やはり、ホンだ。どうなんだろう? ここらへんで集団劇の発想をいったんストップするってのは? つまり演劇の原点にもどるというか。いや、集団劇は集団劇でいいのだが、シェイクスピアだってギリシア悲劇だって南北だって、必ず主役ってのがいるじゃないか。ハムレットしかりオイディプスしかり伊右ェ門しかりだ。劇の中心にいて、求心力とも遠心力ともなる人物だ。
そういう意味で、ホントの意味での主役が希薄な森角の芝居は求心力が低下してるように感じるのだな。
考えてみると、森角の芝居で出来のよかったものって必ず中心軸たる人物がいたもんね。『クーラー』の弟しかり、『牛どん屋』の店長しかりね。
とまあここまで書いてきてめんどくさくなってきたので森角に直接話そうと思って電話したらタイミングよく出たので、30分ほど話してしまった。その方が簡単だ。ま、ヤツも色々と思い悩んでいるようだが、それがものを創るということだし、ま、いいんでないかい。
何度も言おう。芝居は、やはり、ホンだ。

2004.12.11(土)

中野のポケットで劇団め組の芝居を見る。このくそ忙しい時によくまあ芝居ばかり見てるなあという感じなのだが仕方がない。これでも招待状など来ていた2、3の劇団断ったくらいなのだ。
タイトルは『サンタが江戸にやってきた。』。
鼠小僧のところに、空からサンタクロースが降ってきて、鼠小僧を義賊へと導いてくというお話。いわゆる心暖まるいい話。役者に心地よい劇空間を紡ぎだしてはいる。
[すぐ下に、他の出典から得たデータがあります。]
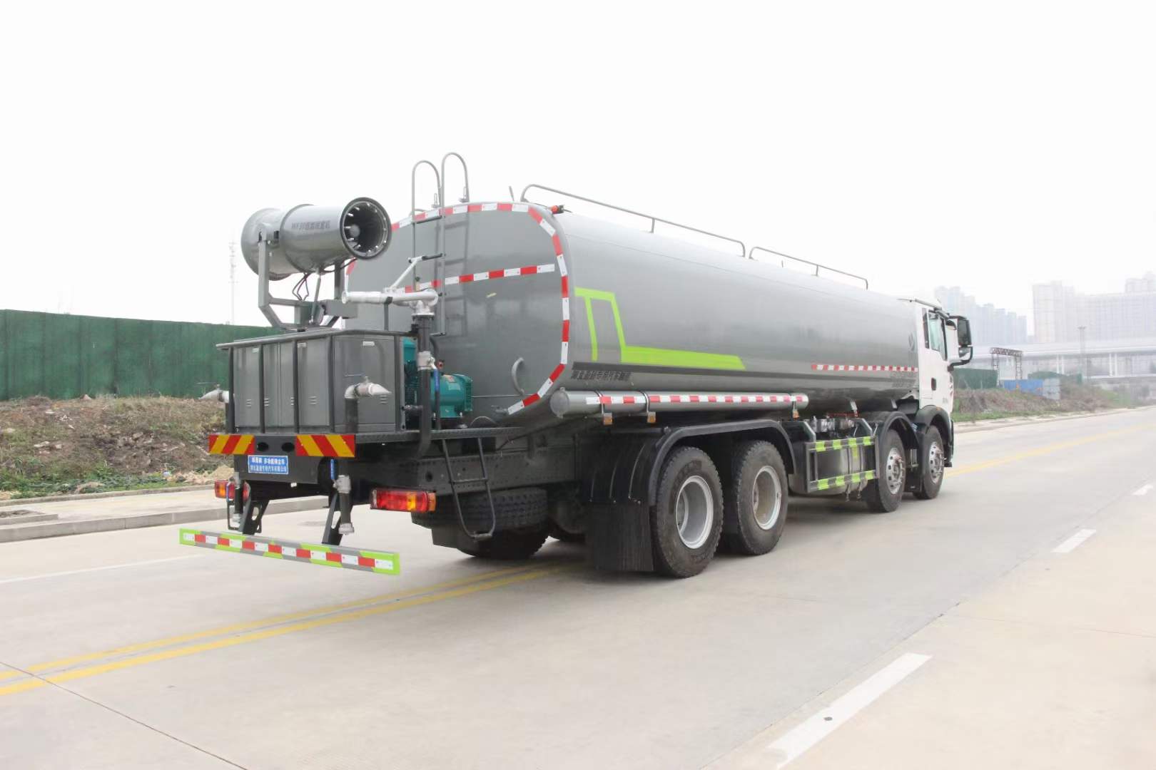 豪沃28方灑水車_重汽豪沃28方抑塵車_重汽曼350霧炮車_湖北盈通專用汽車有限公司,該車用途為城鄉道路和鐵路礦場的抑塵降霾,主要裝置為罐體及噴霧裝置.罐體總容量:22.6立方米,罐體有效容積:21.5立方米;罐體外形尺寸(長×長軸×短軸)(mm):7700×2480×1730.ABS系統控制器生產企業/型號為威伯科(上海)管理有限公司/4460046300;選裝EBS,EBS系統控制器生產企業/型號為威伯科(上海)管理有限公司/EBS3.側、后防護材料均為:Q235碳鋼,連接方式均為:螺栓連接,后部防護截面尺寸(mm):120×50,后部防護離地高度(mm):490.僅采用底盤1800+3800+1350軸距(mm)改裝.隨底盤選裝前面罩,選裝后處理樣式,選裝踏步樣式.選裝前部不帶電子霧炮,選裝前部電子霧炮樣式.當前部不帶電子霧炮時,車輛長度11550mm,無前伸;當前部選裝電子霧炮時,車輛長度12050mm,前伸500mm.后軸僅采用鋼板彈簧懸架.選裝自動球閥位置,選裝后對沖裝置,選裝罐體頂部高位花灑裝置,選裝前沖裝置樣式.隨底盤選裝駕駛室.選裝噴霧裝置樣式.選裝箭頭燈裝置,選裝方形罐口及罐口位置,選裝尾部自流口裝置,選裝工具箱裝置. |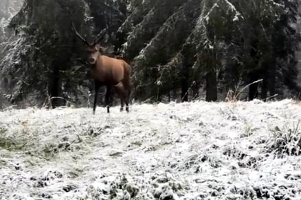 Bolu'da karla kaplı ormanda doğa gezisi yapan bir vatandaş tarafından kızılgeyik görüntülendi.Yüzde 65'i ormanlarla kaplı Bolu'da doğa gezisine çıkan Sefa Eskioğlu, karlar içinde ilerleyen bir kızılgeyiği fark etti. Eskioğlu, o anları cep telefonuyla kaydetti. Karla kaplı ağaçların arasında dolaşan kızılgeyik, daha sonra gözden kayboldu.

しかし、この心地よさこそがいわゆる予定調和の世界であり、演劇が本来持ってるはずのまがまがしさ、混沌の魅力から最も遠く離れてしまっているのだ。め組という集団がいわゆるウェルメイド・プレイというものを志向して限り、このような心地よい予定調和の世界に向かっていくのは仕方ないことかもしれないが、オレが演劇に求めるものは、アバンギャルドなまがまがしさ、混沌のエネルギーだ。
オレが初めて見ため組の芝居、清水次郎長が中心となって活躍する奇想天外な幕末ものであったが、その舞台はアバンギャルドなエネルギーに満ちていて、オレはいっぺんではまったものだった。以後、あの手の芝居はめ組で見ることはなくなったが、あの芝居はめ組にとって一過性のものでしかなかったのか? ウェルメイドを志向しつつ、たまにはあの手のアバンギャルドをやることが、より劇団としての魅力をよりアピールすることになると思うのだが…。